In the present case the Inspector decided that the permitted use was already wider than that applied for, and therefore took no further action on the section 78 appeal.
Mr Ward submits that the Inspector had no power to take no further action. He had either to allow or dismiss the appeal. The powers under section 79(1)(b) do not apply where there has been no decision by the local planning authority. Although the Inspector has the further power to deal with the application as if it had been made to him in the first instance, that did not include taking no action. The power of a local planning authority to decline to determine planning applications is very limited and none of the relevant circumstances applied here.
Mr Whale submits that this Court has no jurisdiction to entertain this challenge under section 288 of the 1990 Act. That section only applies (in a case such as this) where there has been “any decision on an appeal under section 78” (see section 284(3)(b)). It does not apply where the Inspector has taken no further action, and therefore not made any decision on the appeal. He cites, by parity of reasoning, Golding v SSCLG [2012] EWHC 1656 (Admin) at paragraphs [40] to [43]. WCC’s only remedy would have been by judicial review, and it is now far too late for that.
Alternatively, Mr Whale submits, the Inspector had the power to act as he did by virtue of the concluding words of section 79(1), and it was a perfectly reasonable decision since the application was for the same use as was granted in 2003 on any interpretation of that permission.
In an attempt to understand the practical significance of the decision to take no further action, I asked Mr Whale what would happen if the section 289 appeals succeeded. He had no instructions, but expressed the view that the Secretary of State would be unlikely to reopen the planning appeal.

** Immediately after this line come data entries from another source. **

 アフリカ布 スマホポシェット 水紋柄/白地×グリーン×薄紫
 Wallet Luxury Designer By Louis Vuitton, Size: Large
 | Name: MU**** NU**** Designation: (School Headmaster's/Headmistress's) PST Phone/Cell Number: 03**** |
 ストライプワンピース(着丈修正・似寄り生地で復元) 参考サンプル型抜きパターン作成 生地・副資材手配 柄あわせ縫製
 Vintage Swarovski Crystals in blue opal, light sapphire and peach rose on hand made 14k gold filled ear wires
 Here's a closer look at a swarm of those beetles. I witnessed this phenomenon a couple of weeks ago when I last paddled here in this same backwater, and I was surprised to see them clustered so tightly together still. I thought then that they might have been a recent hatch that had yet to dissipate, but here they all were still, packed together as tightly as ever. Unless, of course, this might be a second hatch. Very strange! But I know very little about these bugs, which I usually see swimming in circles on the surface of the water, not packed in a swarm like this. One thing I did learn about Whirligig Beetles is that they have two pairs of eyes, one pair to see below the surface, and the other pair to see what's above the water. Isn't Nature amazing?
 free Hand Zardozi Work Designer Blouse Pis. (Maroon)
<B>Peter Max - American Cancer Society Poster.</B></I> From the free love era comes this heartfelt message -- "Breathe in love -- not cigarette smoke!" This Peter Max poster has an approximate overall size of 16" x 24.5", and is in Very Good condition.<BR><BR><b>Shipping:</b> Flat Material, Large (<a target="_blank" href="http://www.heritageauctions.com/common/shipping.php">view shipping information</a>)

Mr Rudd submits that the 2010 application was wider in terms than the 2003 permission as interpreted by WCC, but became superfluous once the Inspector had decided as he did. Mr Rudd supported the submissions of Mr Whale and did not seek, on behalf of his client, to have the planning appeal reopened, even if the section 289 appeals succeeded.
I do not need to decide whether this challenge should have been brought by way of judicial review. My preliminary view is that a challenge under section 288 is available, because in my judgment the Inspector did make a decision on the appeal, but it was one which he was entitled to make.
WCC did not rely on any specific powers to decline to determine the 2010 application. As Mr Ward said, none of those circumstances applied. WCC simply made no decision and let the time for doing so elapse. In other words, they accepted and processed the application but then took no further action. The Inspector was entitled to deal with the appeal as if the application had been made to him in the first instance. He did exactly what WCC did.
If I am wrong about the legal position, I would also refuse relief under section 288 on discretionary grounds.
Mr Ward sought to argue that it was important to have the file closed. That is a curious submission when his own client did nothing to conclude the application. If Mr Black had not appealed, the file would still nominally be open. In any event, it seems to me that the only person with any interest in having the appeal re-opened is Mr Black, and Mr Rudd on his behalf has declined to support this challenge.
Conclusion
I will leave counsel to agree the appropriate form of order. If there are any issues about costs, these should if possible be decided on written submissions.